Deschutes County DA: Officer’s use of force justified; arrest deemed unlawful

A Redmond police officer was justified in his actions when he punched a man twice in the face during an August arrest, Deschutes County District Attorney John Hummel said Friday.

But Hummel also said the officer made a mistake in even arresting 25-year-old Darian Belles at Sam Johnson Park, saying they did not have probable cause to arrrest Belles at the time.

The incident happened on August 14th when Holman approached Belles at the park because his dog was off leash and he suspected Belles of drug crimes, which proved to be untrue.

“Officer Holman believed, when he arrested Mr. Belles that probable cause existed for him to make that arrest, but he was mistaken. I find there was not a lawful basis for this arrest,” Hummel said. 

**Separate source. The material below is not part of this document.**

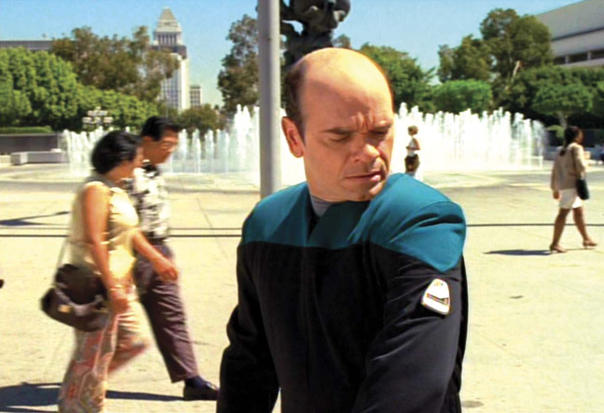 Description: (Paramount, 1994-2001) Constructed of grey-painted resin and measures approx. 2 in. long, this device is a 29th century self-powered mobile emitter worn on the armband of Voyager's holographic "Doctor" (Robert Picardo) that allows the Doctor to leave the previously confined area of sickbay.
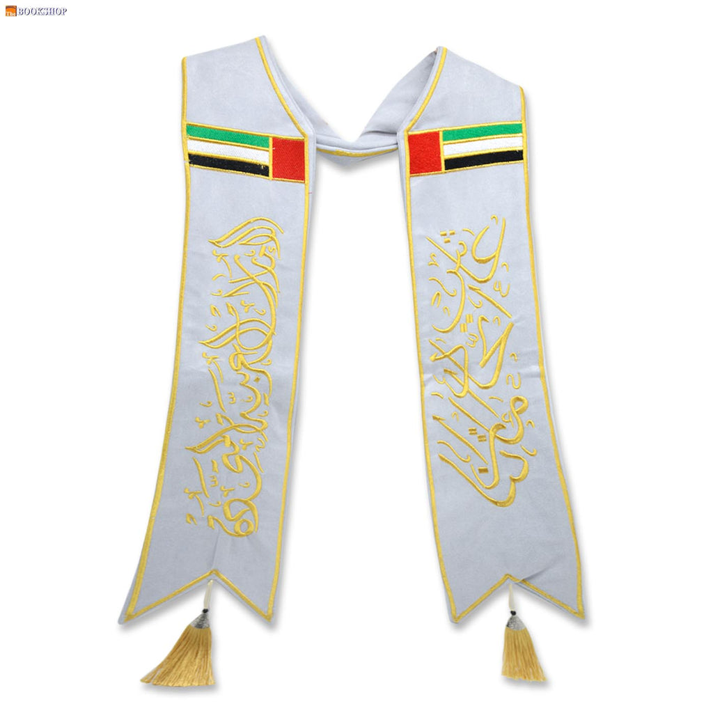 ADULT VIP COLLAR SCARF VELVET GRAY W/ BOTH SIDE FLAG AND ARABIC TEXT

The Redmond Police Department’s initial report said Belles resisted arrest at the time and continued to resist arrest even when officers had him on the ground.

During the afternoon press conference Hummel said for first time Officer Bryan Holman actually had been tased moments before throwing the punches. Hummel said Holman only threw the punches to regain control of Belles, who was struggling with officers during the arrest, which was caught on cell phone video and officer body cameras.

“Immediately after Belles was tazed by Officer (Chris) Wooten, Belles grabbed the tazer and a struggling match ensued between Belles, Wooten and Holman for control of that tazer,” Hummel said. “During that struggle, Officer Holman was tazed.”

Ultimately, Belles was secured in custody after additional officers arrived.

Redmond Police Chief Dave Tarbet and City Manager Keith Witcosky issued a joint statement shortly after Hummel’s announcement, saying they were pleased with the decision.

“We appreciate District Attorney Hummel’s thoughtful and deliberate analysis of the recent public safety incident at Sam Johnson Park…The DA plays an important check and balance to law enforcement.  We value the partnership we have with Mr. Hummel and we accept and will learn from his conclusions,” the statement said.

In late August, Hummel dropped five of the seven charges against Belles.

He still faces charges of resisting arrest and interfering with an officer. Belles has pleaded not guilty.

“We as a community give officers a badge and a gun and we give them the power to restrict people’s liberty, to put people in handcuffs and put them in jail.” Hummel said in August before launching the investigation. “That’s a tremendous amount of power we give them. With that power comes tremendous responsibility that they must exercise.”

Holman was involved in another use of force investigation earlier this summer. He was cleared of any wrongdoing in that incident as well.